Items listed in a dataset
————

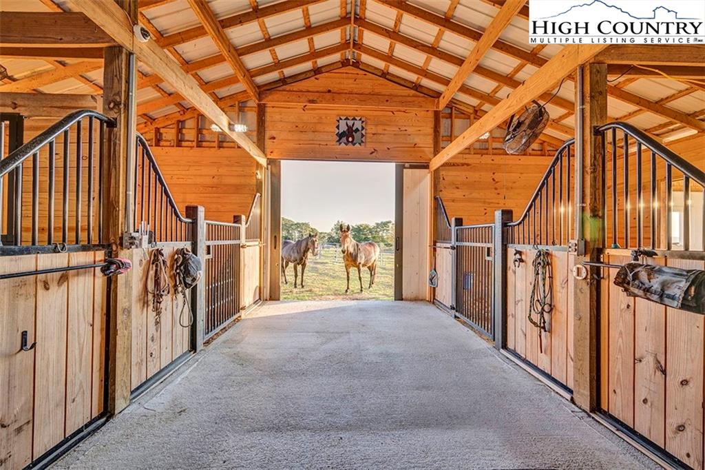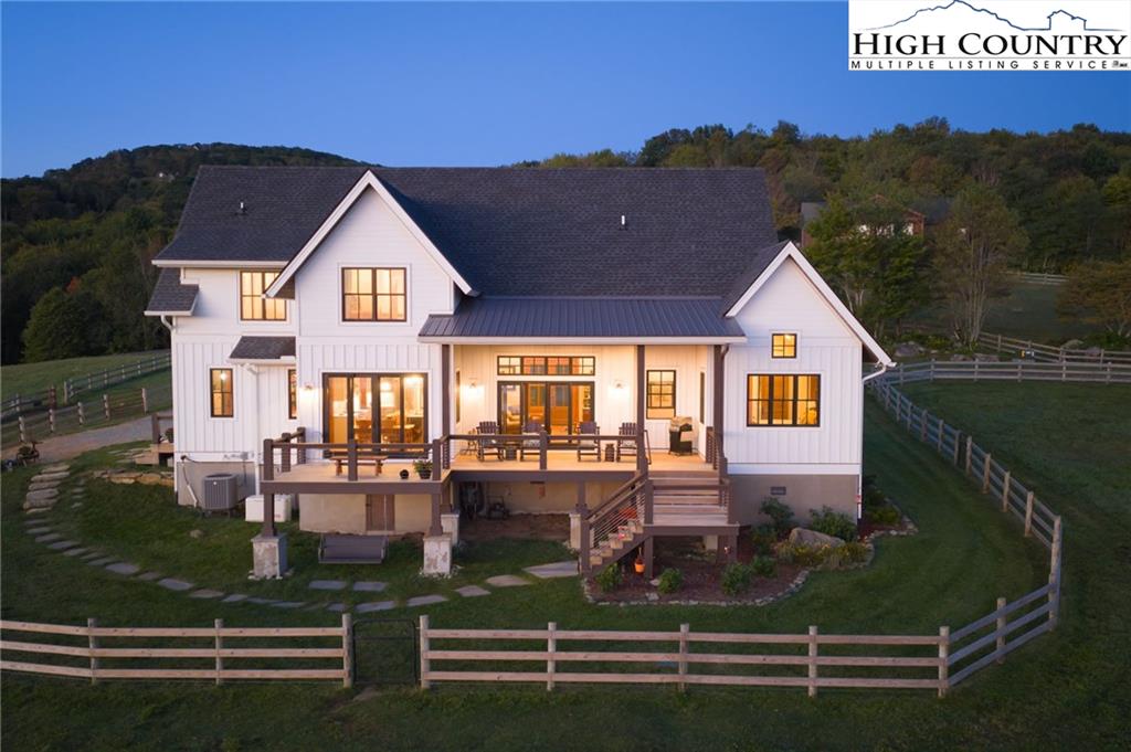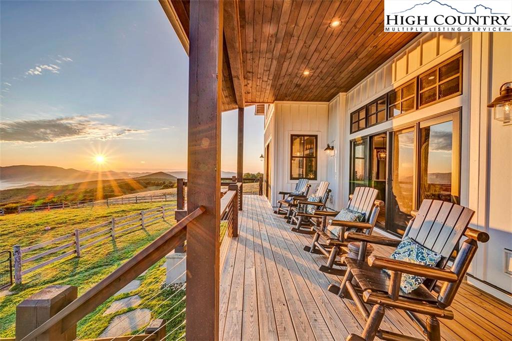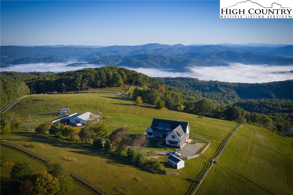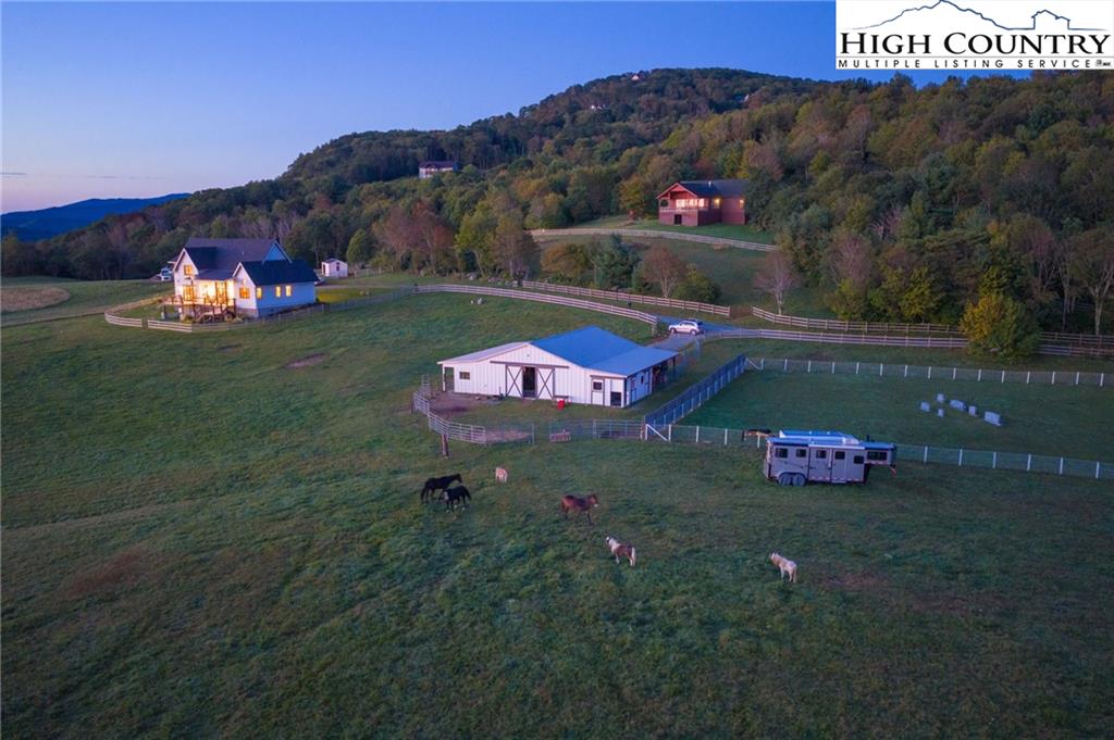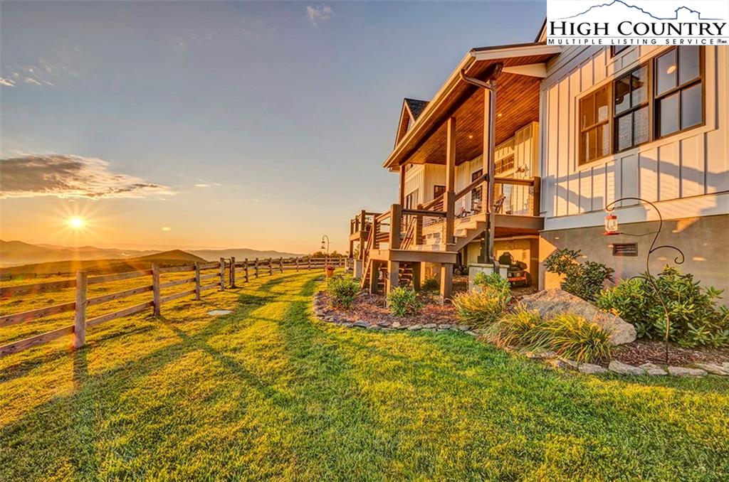 Sorrel Sky Farm lives up to its name. Set at approximately 4,350 feet in elevation, this exceptional equestrian estate captures panoramic views across three states, North Carolina, Virginia and Tennessee, with long-range vistas stretching toward Grandfather Mountain and Mount Rogers. The setting offers privacy and accessibility, just 10 minutes to Banner Elk, 15 minutes to Sugar Mountain, 20 minutes to Beech Mountain, 25 minutes to Boone and 35 minutes to Blowing Rock. Serious equestrians or hobby farmers will recognize the rarity of a high-elevation farm that provides natural cooling, functional infrastructure, and sweeping mountain vistas. Great seasonal escapes or full-time living. With privacy, open pasture, and generous living space, Sorrel Sky Farm also lends itself beautifully to a legacy estate or family retreat. The custom-designed modern farmhouse was thoughtfully positioned to maximize the views, with nearly every room overlooking mountains and rolling board-fenced pastures. Reclaimed hemlock floors and solid hemlock interior doors create warmth and authenticity throughout the main living areas. Mahogany and glass double entry doors, along with expansive sliding glass doors, open the great room and dining area to the covered porch, inviting fresh mountain breezes and seamless indoor-outdoor living. The kitchen anchors the home with a substantial quartz island accented by barn tin detailing, exposed wood beams, and carefully curated finishes. The main-level primary suite features two spacious walk-in closets with custom wood shelving. Upstairs, a generous bonus/family room offers flexible space for recreation, media or additional gathering areas. Designed for comfort and efficiency, the home includes a whole-house generator, water filtration system, encapsulated crawl space, and Icynene insulation. Equestrian facilities are equally impressive. The 60-by-48-foot hardboard-sided barn with metal roof includes seven stalls, a concrete center aisle, insulated tack and feed rooms, hot and cold wash area, 12-by-24-foot equipment storage, and four stalls opening to a 12-by-48-foot lean-to. A separate 12-by-20-foot run-in shed with storage complements two interconnecting three-board fenced pastures across 10 acres, with ample trailer parking. Sorrel Sky Farm offers a rare combination of elevation, views, usable pastureland and proximity to the High Country’s premier destinations, an exceptional opportunity to experience Blue Ridge Mountains at their finest.
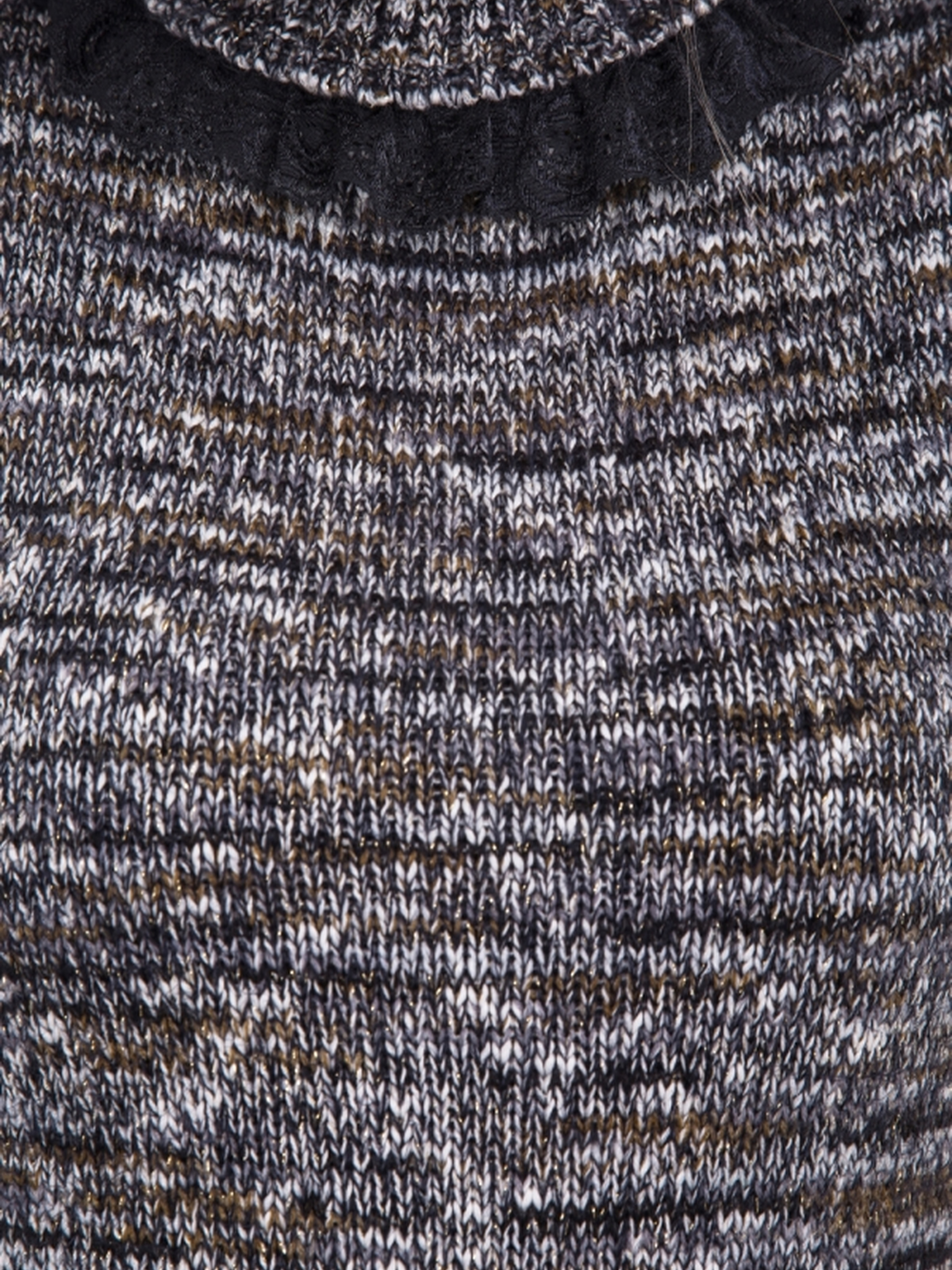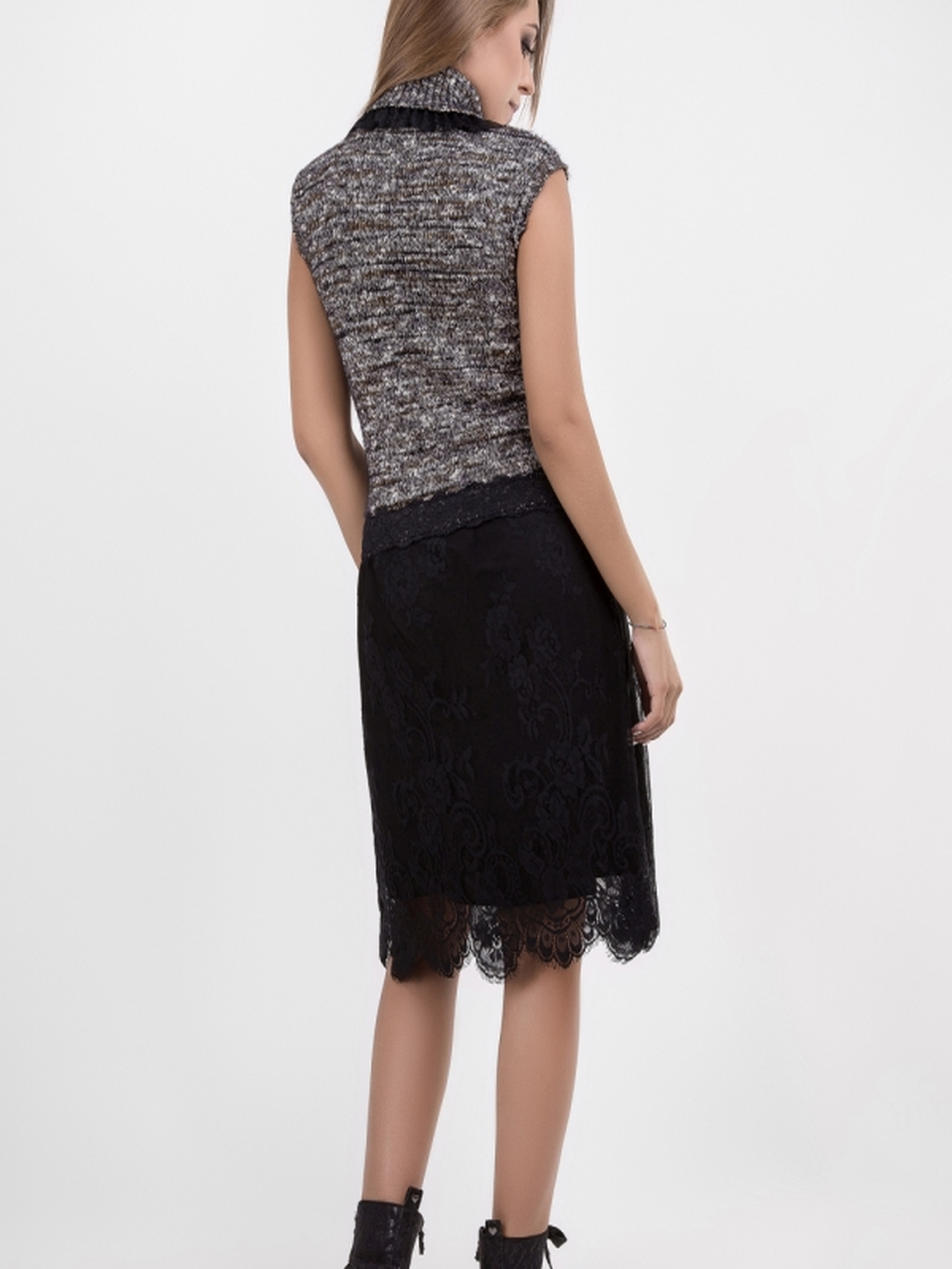 Цей незвичайний джемпер виконаний із сумішевої пряжі, що поєднує бавовну та мерехтливий люрекс. Багатобарвна меланжева пряжа, з якої виготовлений виріб, додає текстури та дозволяє легко комбінувати жилет з будь-якими однотонними елементами гардеробу. Високий комір-стійка з відворотом створює відчуття тепла та комфорту, а окантовка країв чорним мереживом додає романтичності образу. • Матеріал: сумішеві бавовна та люрекс • Довжина виробу: 54–57 см • Декор: чорне мереживо, високий комір-стійка Цей джемпер стане ідеальним доповненням для стильного та затишного образу на будь-який випадок.
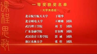 公司太阳成集团tyc33455甘容辉老师团队(翁佳炀、夏娟、李海燕)在“2022年外语课程思政优秀教学案例全国交流活动”中荣获大学英语组全国一等奖。
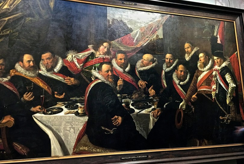 The “Banquet of the Officers of the St. George Civic Guard” has that characteristic lifelike trademark of Hals’ work. You feel as if you’ve just interrupted the frat boys at their kegger. And from the mocking looks on their faces, they’re not particularly impressed with you. The Civic Guards were wealthy merchants, bankers, and tradesmen who’d been elected by citizens to protect the city in case of attack. Methinks meetings were mostly an excuse to party. Hals, Rembrandt, and other Dutch Masters painted lots of Civic Guard portraits during their careers.
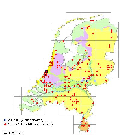 Het aantal atlasblokken (5x5 km) waarin de soort is gemeld binnen een periode van vijf jaar (vanaf 1980) of twintig jaar. Niet gecorrigeerd voor waarnemersinspanning en het aantal doorgegeven waarnemingen kan sterk variëren per periode, dus een trend in verspreiding kan hier niet direct uit worden afgelezen. Het opgegeven jaartal is het eerste jaar van de periode. Bron: gevalideerde waarnemingen uit de NDFF.
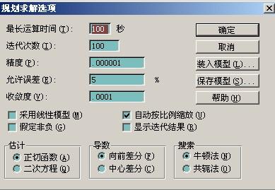 目标单元格为残差平方和Q,最优解为残差平方和最小。可变单元格就是a,b,c,n初始值所在单元格。 5 点击选项(Q),选择自动缩放比例
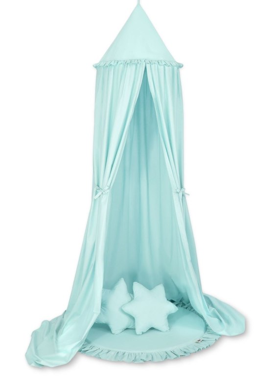 Zestaw: baldachim wiszący do pokoju dziecięcego, mata z falbanką, poduszki - jasna mięta

————

(What you are asked to do) Repeat the records verbatim, excluding pictures.

(Task answer)
 Sorrel Sky Farm lives up to its name. Set at approximately 4,350 feet in elevation, this exceptional equestrian estate captures panoramic views across three states, North Carolina, Virginia and Tennessee, with long-range vistas stretching toward Grandfather Mountain and Mount Rogers. The setting offers privacy and accessibility, just 10 minutes to Banner Elk, 15 minutes to Sugar Mountain, 20 minutes to Beech Mountain, 25 minutes to Boone and 35 minutes to Blowing Rock. Serious equestrians or hobby farmers will recognize the rarity of a high-elevation farm that provides natural cooling, functional infrastructure, and sweeping mountain vistas. Great seasonal escapes or full-time living. With privacy, open pasture, and generous living space, Sorrel Sky Farm also lends itself beautifully to a legacy estate or family retreat. The custom-designed modern farmhouse was thoughtfully positioned to maximize the views, with nearly every room overlooking mountains and rolling board-fenced pastures. Reclaimed hemlock floors and solid hemlock interior doors create warmth and authenticity throughout the main living areas. Mahogany and glass double entry doors, along with expansive sliding glass doors, open the great room and dining area to the covered porch, inviting fresh mountain breezes and seamless indoor-outdoor living. The kitchen anchors the home with a substantial quartz island accented by barn tin detailing, exposed wood beams, and carefully curated finishes. The main-level primary suite features two spacious walk-in closets with custom wood shelving. Upstairs, a generous bonus/family room offers flexible space for recreation, media or additional gathering areas. Designed for comfort and efficiency, the home includes a whole-house generator, water filtration system, encapsulated crawl space, and Icynene insulation. Equestrian facilities are equally impressive. The 60-by-48-foot hardboard-sided barn with metal roof includes seven stalls, a concrete center aisle, insulated tack and feed rooms, hot and cold wash area, 12-by-24-foot equipment storage, and four stalls opening to a 12-by-48-foot lean-to. A separate 12-by-20-foot run-in shed with storage complements two interconnecting three-board fenced pastures across 10 acres, with ample trailer parking. Sorrel Sky Farm offers a rare combination of elevation, views, usable pastureland and proximity to the High Country’s premier destinations, an exceptional opportunity to experience Blue Ridge Mountains at their finest.
 Цей незвичайний джемпер виконаний із сумішевої пряжі, що поєднує бавовну та мерехтливий люрекс. Багатобарвна меланжева пряжа, з якої виготовлений виріб, додає текстури та дозволяє легко комбінувати жилет з будь-якими однотонними елементами гардеробу. Високий комір-стійка з відворотом створює відчуття тепла та комфорту, а окантовка країв чорним мереживом додає романтичності образу. • Матеріал: сумішеві бавовна та люрекс • Довжина виробу: 54–57 см • Декор: чорне мереживо, високий комір-стійка Цей джемпер стане ідеальним доповненням для стильного та затишного образу на будь-який випадок.
 公司太阳成集团tyc33455甘容辉老师团队(翁佳炀、夏娟、李海燕)在“2022年外语课程思政优秀教学案例全国交流活动”中荣获大学英语组全国一等奖。
 The “Banquet of the Officers of the St. George Civic Guard” has that characteristic lifelike trademark of Hals’ work. You feel as if you’ve just interrupted the frat boys at their kegger. And from the mocking looks on their faces, they’re not particularly impressed with you. The Civic Guards were wealthy merchants, bankers, and tradesmen who’d been elected by citizens to protect the city in case of attack. Methinks meetings were mostly an excuse to party. Hals, Rembrandt, and other Dutch Masters painted lots of Civic Guard portraits during their careers.
 Het aantal atlasblokken (5x5 km) waarin de soort is gemeld binnen een periode van vijf jaar (vanaf 1980) of twintig jaar. Niet gecorrigeerd voor waarnemersinspanning en het aantal doorgegeven waarnemingen kan sterk variëren per periode, dus een trend in verspreiding kan hier niet direct uit worden afgelezen. Het opgegeven jaartal is het eerste jaar van de periode. Bron: gevalideerde waarnemingen uit de NDFF.
 目标单元格为残差平方和Q,最优解为残差平方和最小。可变单元格就是a,b,c,n初始值所在单元格。 5 点击选项(Q),选择自动缩放比例
 Zestaw: baldachim wiszący do pokoju dziecięcego, mata z falbanką, poduszki - jasna mięta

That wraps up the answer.